Meta is facing a class action lawsuit for false advertising related to its AI glasses following reports about the company's use of human contractors to review footage captured from users' glasses. The lawsuit, filed Wednesday in federal court in San Francisco, alleges that Meta's claims about the devices' privacy features have misled users.
The lawsuit comes after a Swedish newspaper reported that subcontractors in Kenya have raised concerns about viewing footage recorded via Ray-Ban Meta glasses. According to Svenska Dagbladet, workers have reported witnessing intimate material, including bathroom visits, sexual encounters and other private details as part of their job labelling objects in videos captured on users' smart glasses.
In the newly filed complaint, plaintiffs Gina Bartone of New Jersey and Mateo Canu of California, represented by the public interest-focused Clarkson Law Firm, allege that Meta violated privacy laws and engaged in false advertising. According to the complaint, the marketing of Ray-Ban Meta Smart Glasses included phrases such as designed for privacy and controlled by you, whilst failing to clearly disclose that footage could be reviewed by overseas workers.
Meta made a promise to millions of consumers while knowing full well it could not keep it, said Clarkson Law Firm managing partner Ryan Clarkson. The lawsuit points to an apparent disconnect between Meta's marketing and the actual operation of its AI features, particularly the company's Live AI function. There is no way to use the smart glasses' multimodal features without sharing the captures of your surroundings with the company. Footage that is captured but not stored locally for users, like video when Live AI is in use, can be sent to contractors who help train the company's AI models.
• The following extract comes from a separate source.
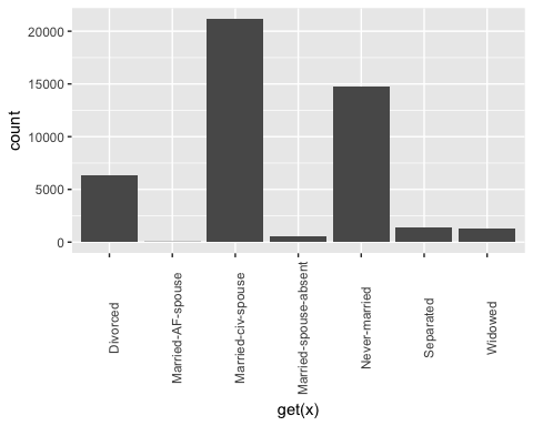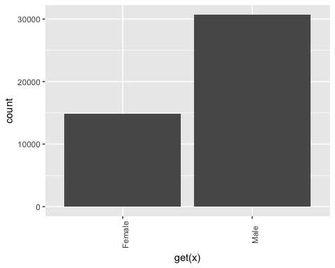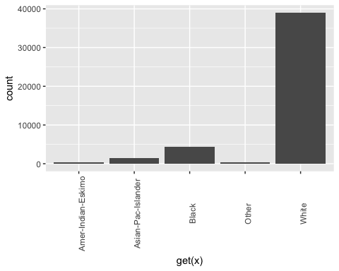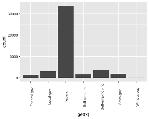 - ggplot(factor, aes(get(x))) + geom_bar()+ theme(axis.text.x = element_text(angle = 90)):为每个 x 元素创建一个条形图。注意,要将 x 作为列返回,您需要将其包含在 get() 中
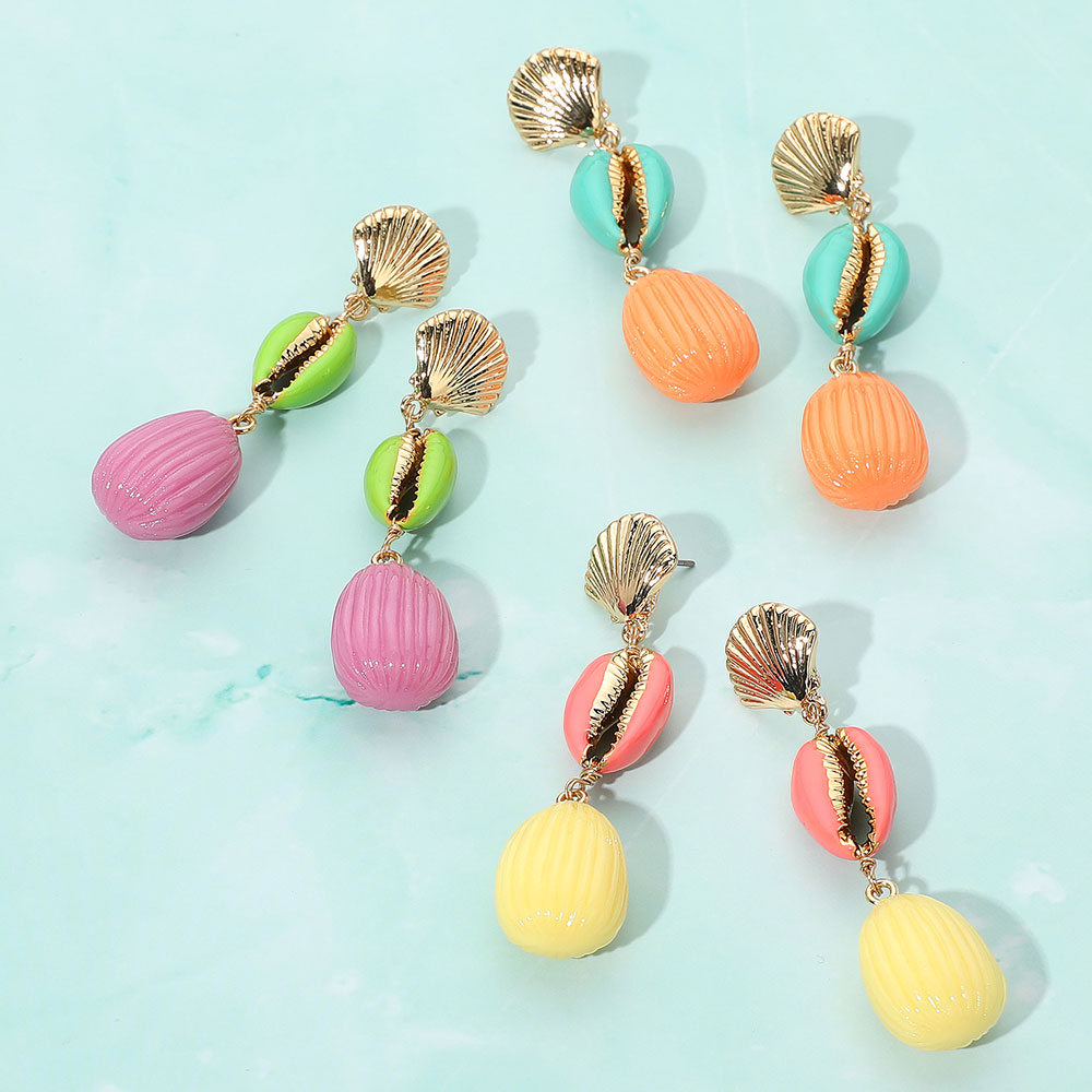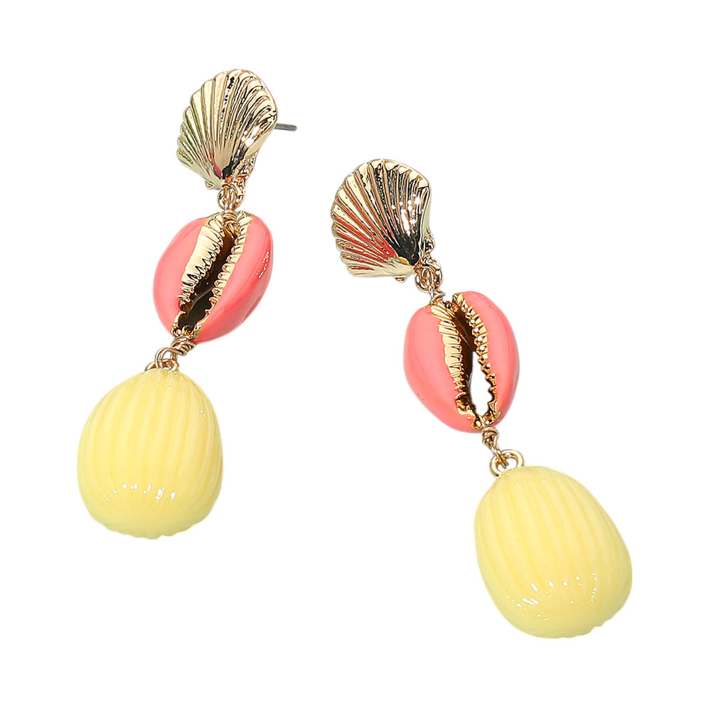 Details • Size : 0.7" X 2.6" • Post Back • Bring seaside charm to your look with these shell drop earrings, designed with a playful blend of textures and shapes. Perfect for vacations, summer outfits, or adding a beach-inspired statement to everyday style. • Lead and Nickel Compliant

In 2025, over seven million people bought Meta's smart glasses. The footage from those glasses is fed into a data pipeline for review, and users can't opt out. This scale gives the lawsuit potential to affect a substantial portion of the consumer market for smart glasses technology.
Meta's Response and the Privacy Policy Question
A spokesperson for Meta confirmed to Engadget that data from its smart glasses can be shared with human contractors in some cases. The company declined to comment on the claims in the lawsuit. Ray-Ban Meta glasses help you use AI, hands free, to answer questions about the world around you, the spokesperson said. Unless users choose to share media they've captured with Meta or others, that media stays on the user's device. When people share content with Meta AI, we sometimes use contractors to review this data for the purpose of improving people's experience, as many other companies do. We take steps to filter this data to protect people's privacy and to help prevent identifying information from being reviewed.
The company's statement hinges on a critical distinction: that data remain local unless users actively share content. Yet the lawsuit contends this distinction is meaningless in practice. Meta's privacy policy doesn't specifically mention the use of human contractors, though it states that such data can be used for training purposes. The case will likely turn on whether buried references in terms of service constitute adequate disclosure of a practice affecting millions.
Broader Regulatory Scrutiny
The news prompted the U.K. regulator, the Information Commissioner's Office, to investigate the matter. The UK's Information Commissioner's Office has opened a formal inquiry into Meta's data handling practices for the smart glasses. This regulatory attention suggests the issue extends beyond individual litigation into questions of whether Meta has met legal obligations around transparency and data protection in multiple jurisdictions.
The lawsuit raises legitimate concerns about disclosure. Consumer technology marketing increasingly emphasises privacy features without always clarifying what data flows occur automatically behind the scenes. Yet a balanced assessment requires acknowledging Meta's point that many AI companies rely on human review of data. The question becomes not whether this practice exists, but whether users understood it was occurring when they purchased the device. The court will need to weigh what constitutes adequate notice against what marketing claims consumers would reasonably expect to inform their purchasing decisions. This tension between accessible consumer marketing and complete technical accuracy remains unresolved across the technology industry.